Tuesday, April 29, 2008
Mitochondrial Eve and Near Extinction
From the Chicago Tribune:
Why does this sound familiar? Eve? A brush with extinction? Today's population growing from just a few? Oh, what is it about this that sounds familiar? Why do I feel like I've heard this before somewhere?
Human beings may have had a brush with extinction 70,000 years ago, an extensive genetic study suggests.
The human population at that time was reduced to small isolated groups in Africa, apparently because of drought, according to an analysis released Thursday.
The report notes that a separate study by researchers at Stanford University estimated the number of early humans may have shrunk as low as 2,000 before numbers began to expand again in the early Stone Age...
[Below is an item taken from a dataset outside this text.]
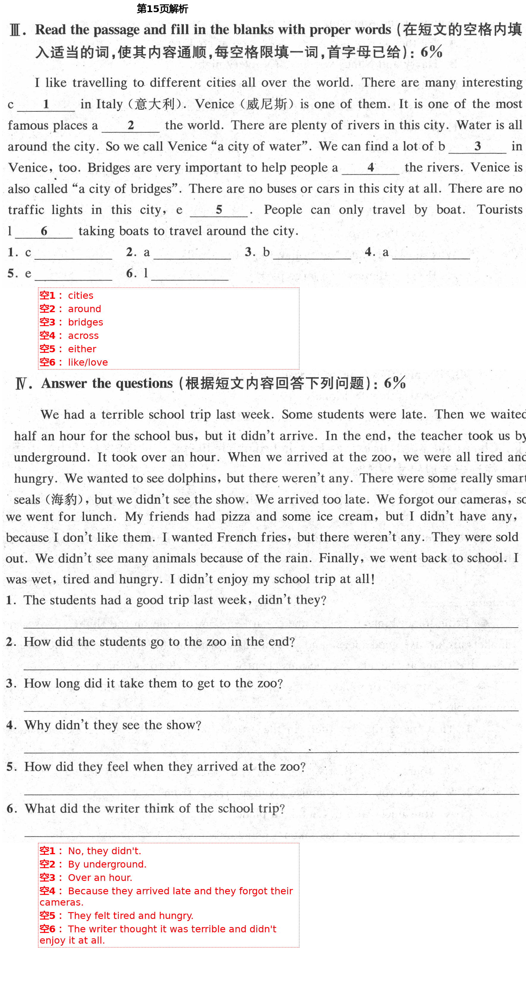 注:目前有些书本章节名称可能整理的还不是很完善,但都是按照顺序排列的,请同学们按照顺序仔细查找。练习册 2021年优学先导教学与测评六年级英语下册沪教版54制 答案主要是用来给同学们做完题方便对答案用的,请勿直接抄袭。

Previous studies using mitochondrial DNA _ which is passed down through mothers _ have traced modern humans to a single "mitochondrial Eve," who lived in Africa about 200,000 years ago.
The migrations of humans out of Africa to populate the rest of the world appear to have begun about 60,000 years ago, but little has been known about humans between Eve and that dispersal.
Why does this sound familiar? Eve? A brush with extinction? Today's population growing from just a few? Oh, what is it about this that sounds familiar? Why do I feel like I've heard this before somewhere?




2 Comments:
Was it in Amazing Comics #1? I don't know what you mean.
PAX
JD
The one from 1944 starring the Young Allies?
Come to think of it, that mitochondrial Eve sounds a bit like Sheena, Queen of the Jungle.